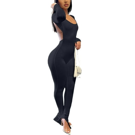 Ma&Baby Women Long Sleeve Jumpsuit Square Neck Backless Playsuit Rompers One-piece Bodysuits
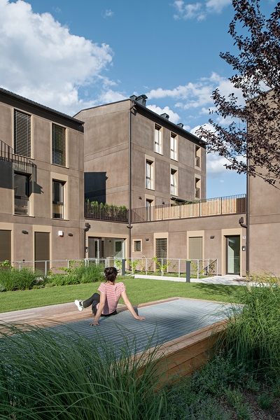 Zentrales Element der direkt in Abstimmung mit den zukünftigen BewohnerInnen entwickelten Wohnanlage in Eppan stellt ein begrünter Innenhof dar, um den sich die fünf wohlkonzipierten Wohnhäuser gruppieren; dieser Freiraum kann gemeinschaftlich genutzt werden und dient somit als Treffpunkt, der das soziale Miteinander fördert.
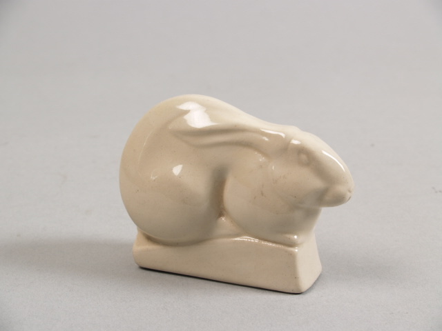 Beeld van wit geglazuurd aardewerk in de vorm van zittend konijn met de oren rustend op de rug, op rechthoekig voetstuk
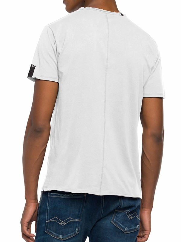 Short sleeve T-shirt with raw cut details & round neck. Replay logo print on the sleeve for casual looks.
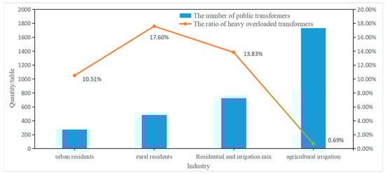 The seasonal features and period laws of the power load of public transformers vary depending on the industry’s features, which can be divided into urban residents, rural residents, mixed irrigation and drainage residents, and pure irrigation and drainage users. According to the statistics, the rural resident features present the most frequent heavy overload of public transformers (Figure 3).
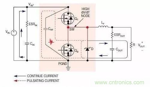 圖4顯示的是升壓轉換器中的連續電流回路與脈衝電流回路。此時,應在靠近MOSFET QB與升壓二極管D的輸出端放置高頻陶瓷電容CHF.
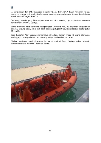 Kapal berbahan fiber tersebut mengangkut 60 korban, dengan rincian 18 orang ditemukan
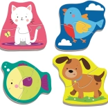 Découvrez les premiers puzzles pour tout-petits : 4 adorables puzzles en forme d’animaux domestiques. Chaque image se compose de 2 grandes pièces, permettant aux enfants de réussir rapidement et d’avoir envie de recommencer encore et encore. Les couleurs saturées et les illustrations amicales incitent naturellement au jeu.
---
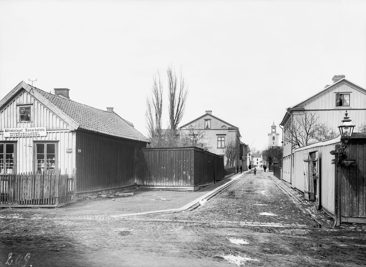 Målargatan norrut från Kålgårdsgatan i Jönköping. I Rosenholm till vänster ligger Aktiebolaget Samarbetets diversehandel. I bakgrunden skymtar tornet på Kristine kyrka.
* * *
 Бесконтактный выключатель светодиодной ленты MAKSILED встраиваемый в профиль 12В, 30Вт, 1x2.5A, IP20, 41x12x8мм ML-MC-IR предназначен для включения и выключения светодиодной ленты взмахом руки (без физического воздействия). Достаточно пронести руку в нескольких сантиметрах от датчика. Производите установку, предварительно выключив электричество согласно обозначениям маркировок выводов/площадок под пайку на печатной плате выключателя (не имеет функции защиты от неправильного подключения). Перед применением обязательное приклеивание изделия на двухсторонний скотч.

__Action item__: Exactly reproduce the lines above, starting at the one that contains "Zentrales Element der" and ending at the one that contains "Découvrez les premiers", both inclusive; leave the pictures out and add no other lines.

__Answer to this exercise__:
 Zentrales Element der direkt in Abstimmung mit den zukünftigen BewohnerInnen entwickelten Wohnanlage in Eppan stellt ein begrünter Innenhof dar, um den sich die fünf wohlkonzipierten Wohnhäuser gruppieren; dieser Freiraum kann gemeinschaftlich genutzt werden und dient somit als Treffpunkt, der das soziale Miteinander fördert.
 Beeld van wit geglazuurd aardewerk in de vorm van zittend konijn met de oren rustend op de rug, op rechthoekig voetstuk
 Short sleeve T-shirt with raw cut details & round neck. Replay logo print on the sleeve for casual looks.
 The seasonal features and period laws of the power load of public transformers vary depending on the industry’s features, which can be divided into urban residents, rural residents, mixed irrigation and drainage residents, and pure irrigation and drainage users. According to the statistics, the rural resident features present the most frequent heavy overload of public transformers (Figure 3).
 圖4顯示的是升壓轉換器中的連續電流回路與脈衝電流回路。此時,應在靠近MOSFET QB與升壓二極管D的輸出端放置高頻陶瓷電容CHF.
 Kapal berbahan fiber tersebut mengangkut 60 korban, dengan rincian 18 orang ditemukan
 Découvrez les premiers puzzles pour tout-petits : 4 adorables puzzles en forme d’animaux domestiques. Chaque image se compose de 2 grandes pièces, permettant aux enfants de réussir rapidement et d’avoir envie de recommencer encore et encore. Les couleurs saturées et les illustrations amicales incitent naturellement au jeu.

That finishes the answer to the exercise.